→ **Your instructions**
Transcribe only the lines of the listing below from the one holding "Chrome heated towel" through the one holding "- A pop-up window", inclusive, without any change.

→ **Dataset content**
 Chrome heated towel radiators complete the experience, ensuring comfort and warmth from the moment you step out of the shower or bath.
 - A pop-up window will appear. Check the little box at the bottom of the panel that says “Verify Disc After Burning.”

==

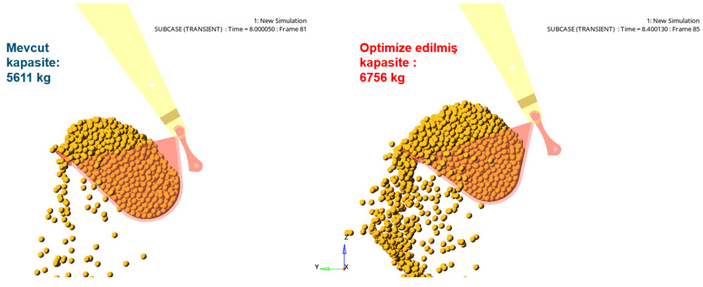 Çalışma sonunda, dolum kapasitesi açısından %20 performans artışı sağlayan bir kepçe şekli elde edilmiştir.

...

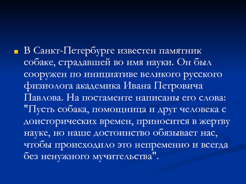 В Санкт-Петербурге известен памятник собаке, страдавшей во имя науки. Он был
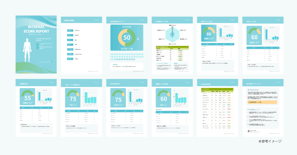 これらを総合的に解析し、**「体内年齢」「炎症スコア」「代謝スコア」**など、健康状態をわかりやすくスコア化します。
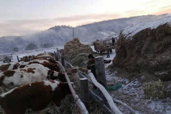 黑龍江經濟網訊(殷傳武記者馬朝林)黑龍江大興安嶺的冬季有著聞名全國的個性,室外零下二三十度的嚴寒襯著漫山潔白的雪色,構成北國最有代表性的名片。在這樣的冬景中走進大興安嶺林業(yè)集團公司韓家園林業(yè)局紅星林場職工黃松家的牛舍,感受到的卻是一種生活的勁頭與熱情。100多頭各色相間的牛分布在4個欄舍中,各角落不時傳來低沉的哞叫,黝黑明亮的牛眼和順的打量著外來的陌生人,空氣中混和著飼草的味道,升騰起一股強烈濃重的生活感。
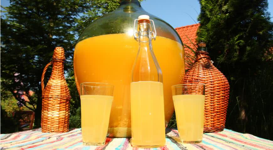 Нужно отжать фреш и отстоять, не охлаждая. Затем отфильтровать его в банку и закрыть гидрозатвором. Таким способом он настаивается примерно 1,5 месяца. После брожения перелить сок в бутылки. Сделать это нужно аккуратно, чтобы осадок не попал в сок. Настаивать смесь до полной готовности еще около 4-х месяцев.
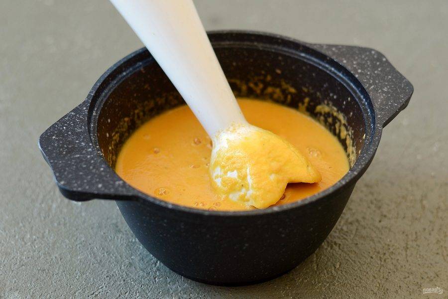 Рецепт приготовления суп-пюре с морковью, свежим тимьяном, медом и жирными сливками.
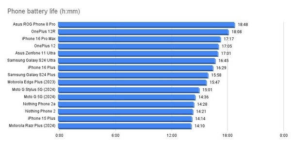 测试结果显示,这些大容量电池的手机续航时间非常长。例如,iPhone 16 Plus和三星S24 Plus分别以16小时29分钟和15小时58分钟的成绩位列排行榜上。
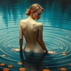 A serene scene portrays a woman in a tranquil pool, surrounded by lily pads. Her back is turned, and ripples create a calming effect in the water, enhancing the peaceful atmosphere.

→ **Task output**
 Chrome heated towel radiators complete the experience, ensuring comfort and warmth from the moment you step out of the shower or bath.
 - A pop-up window will appear. Check the little box at the bottom of the panel that says “Verify Disc After Burning.”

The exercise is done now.